Gig 018/019 Dr Feelgood / The Stranglers / Loudon Wainwright III
Dr Feelgood / The George Hatcher Band
24 October 1976
Reading Top Rank
The Tyla Gang / The Stranglers / The Vibrators
15 November 1976
Oxford Polytechnic
Loudon Wainwright III
?? November
Oxford Polytechnic
The Dr Feelgood gig in Oxford was so good I had to see them again a few weeks later. This should have been even better, since unlike the all-seated New Theatre the Top Rank was standing only. A neo-brutalist slab opposite Reading Station, once inside it was a pretty decent venue with a sprung dancefloor and a balcony. We piled down the front and stayed there, close enough to touch Lee Brilleaux and be sprayed by sweat as Wilko Johnson skittered across the stage. In the event a lesson was learned here: the set was more or less the same as the Oxford one – if I hadn’t seen it before I might have been similarly blown away, since I had it lacked the element of surprise.
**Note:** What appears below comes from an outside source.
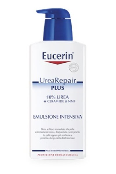 L'emulsione dona alla pelle estremamente secca, pruriginosa e desquamata il trattamento quotidiano di cui ha bisogno. La formula contiene Urea, Ceramide e altri Fattori di Idratazione Naturale (NMF) che legano l'acqua e ripristinano la sua naturale barriera protettiva per prevenire un'ulteriore perdita di idratazione e il prurito sul corpo. E' stato clinicamente comprovato che Eucerin UreaRepair Emulsione Intensiva 10% Urea dona sollievo immediato ed un'idratazione intensa, ritardando i sintomi della pelle estremamente secca e molto secca fino a 48 ore. La pelle risulta liscia e morbida. Adatta per i soggetti con Xerosi, Diabete, Psoriasi e Cheratosi Pilare. Anche come trattamento coadiuvante. Si assorbe velocemente, non unge, senza profumo, senza coloranti.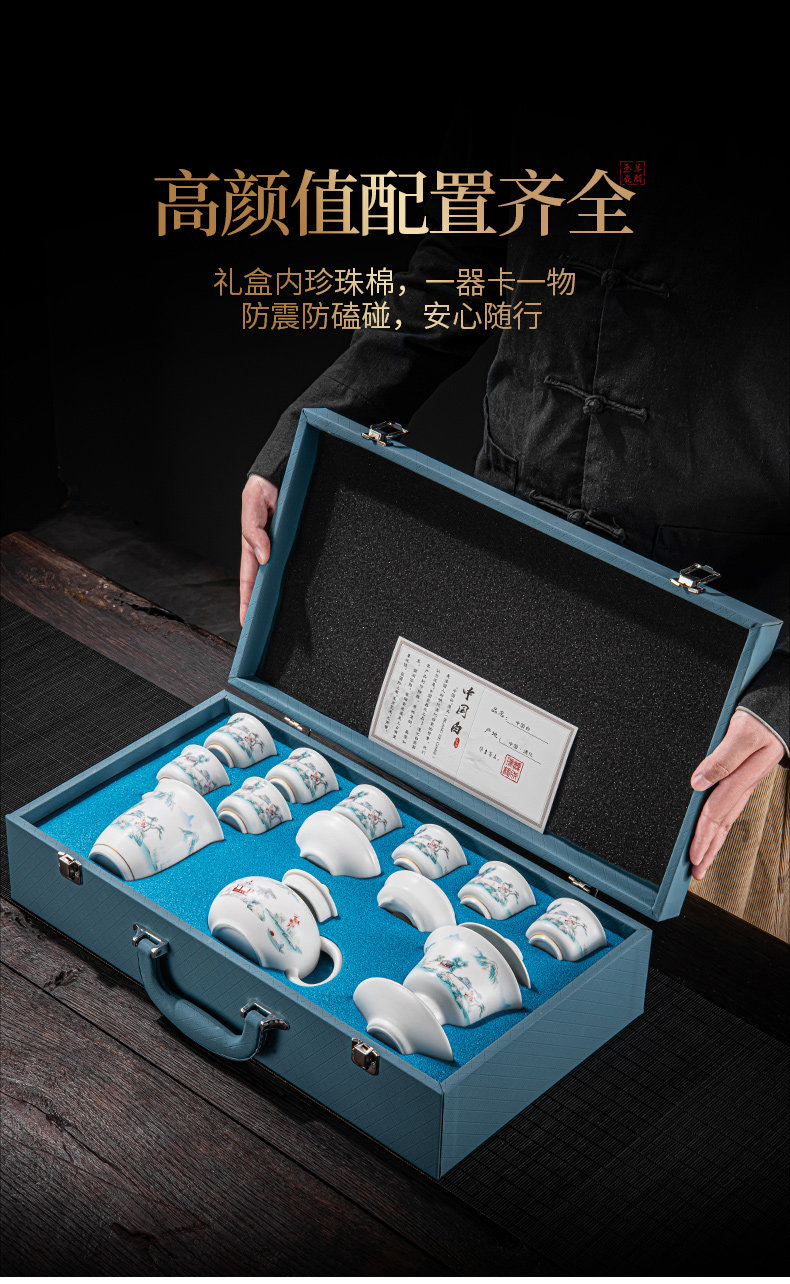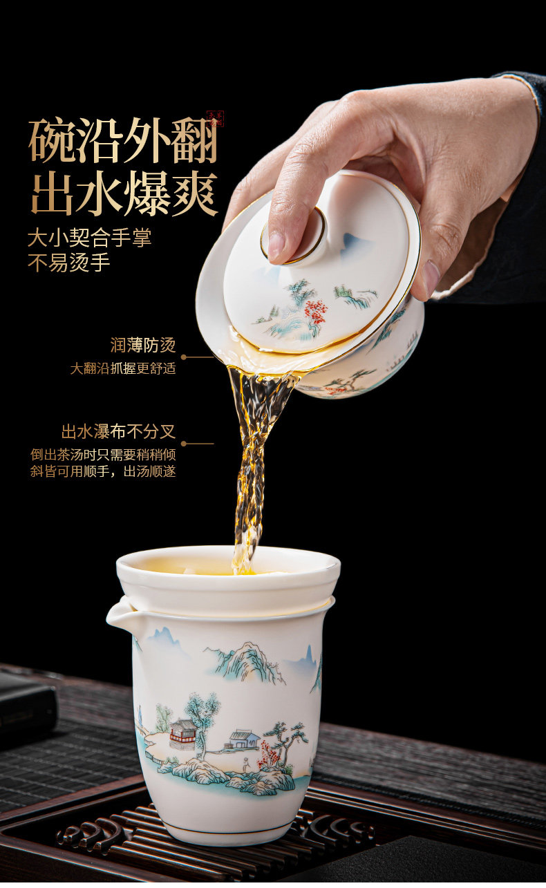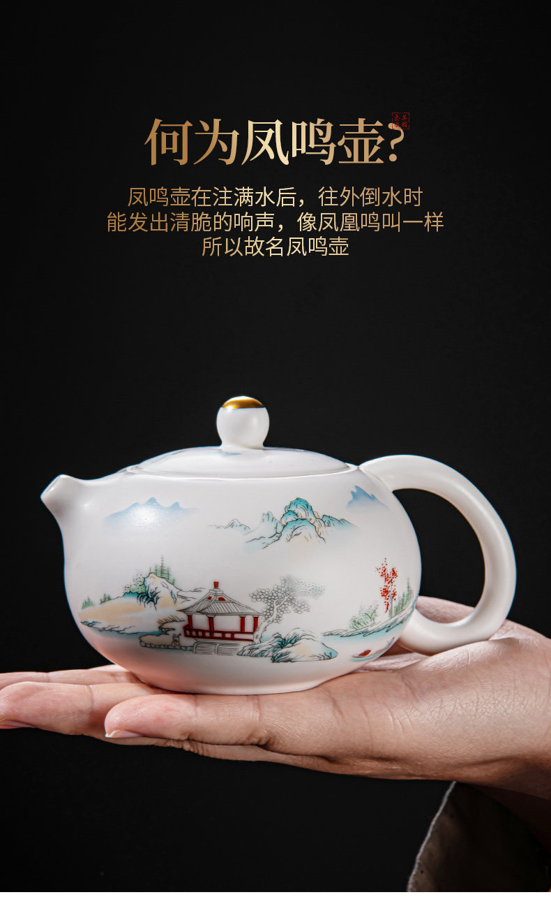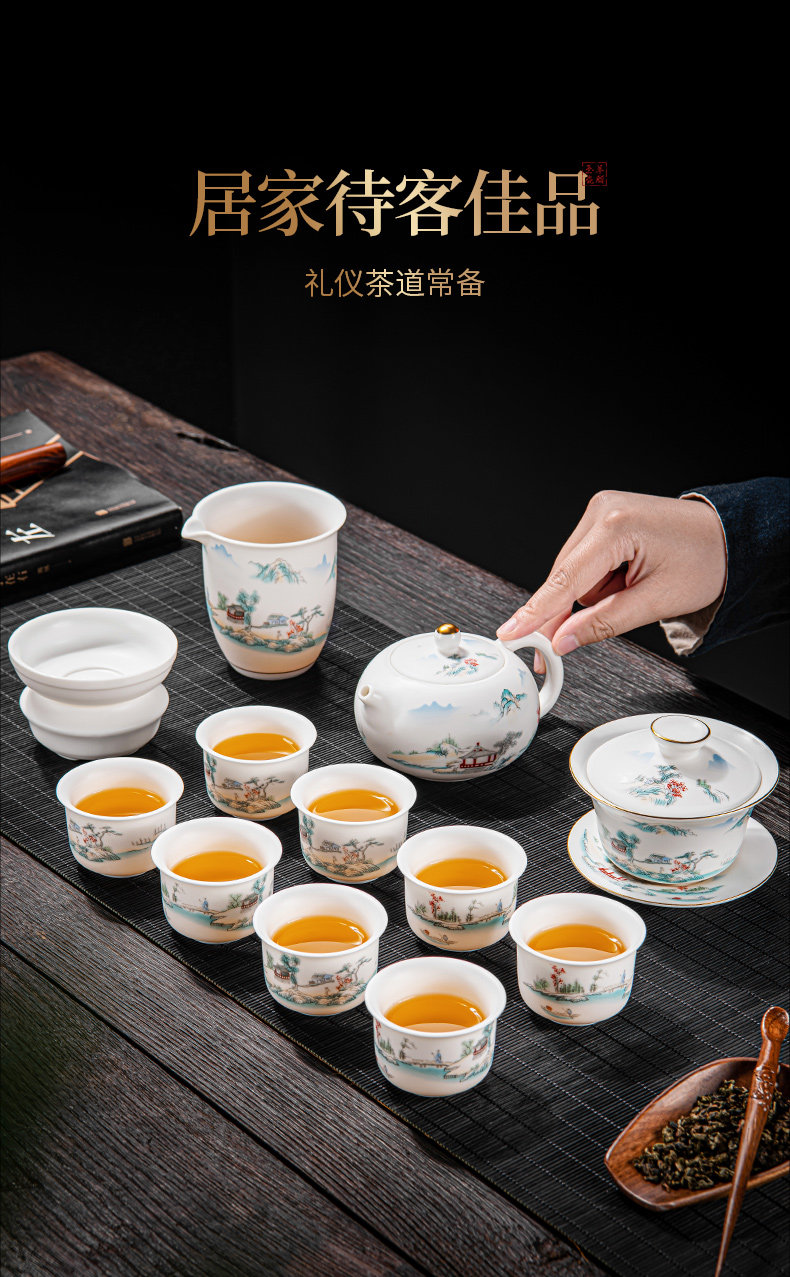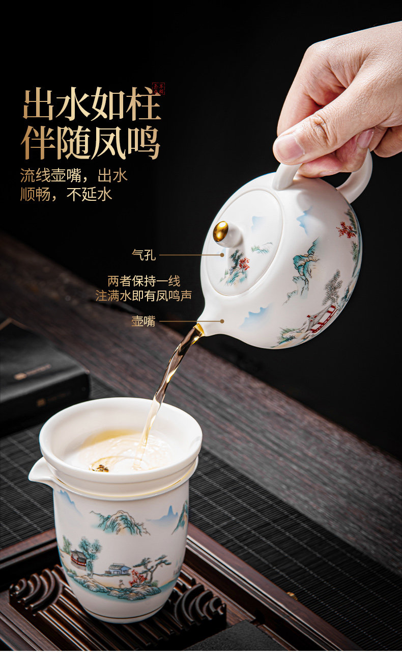 | Color Classification | Mutton Fat Jade Porcelain Splendid Rivers and Mountains Tureen with Six Cups 9-Piece Set (Green Model),Mutton Fat Jade Porcelain Splendid Rivers and Mountains Fengming Pot Six Cups 9-Piece Set (Green Style),Mutton Fat Jade Porcelain Splendid Rivers and Mountains Fengming Teapot Lid Bowl Eight Cups 12-Piece Set (Green Model),Mutton Fat Jade Porcelain Splendid River West River Shih Pot Lid Bowl Eight Cups 12-Piece Set (Green Style) + Chinese Bai Fengming Jiutian Gift Box,Mutton Fat Jade Porcelain Splendid River West River Shih Pot Lid Bowl Eight Cups 12-Piece Set (Ink Style) + Chinese Bai Fengming Jiutian Gift Box |

The same moves, the same craziness, they had the show down to a tee as you might expect, which made what had seemed crazy now look a little contrived. More recently I discovered that by this time there was considerable tension between Wilko and the other group members, and he left a few months later, but they were too professional to let it show. Dr Feelgood could replicate the same manic intensity every night; I on the other hand could never experience that initial thrill again. It was a good gig and all that, but I left sadder and wiser. And still only 16. Sigh.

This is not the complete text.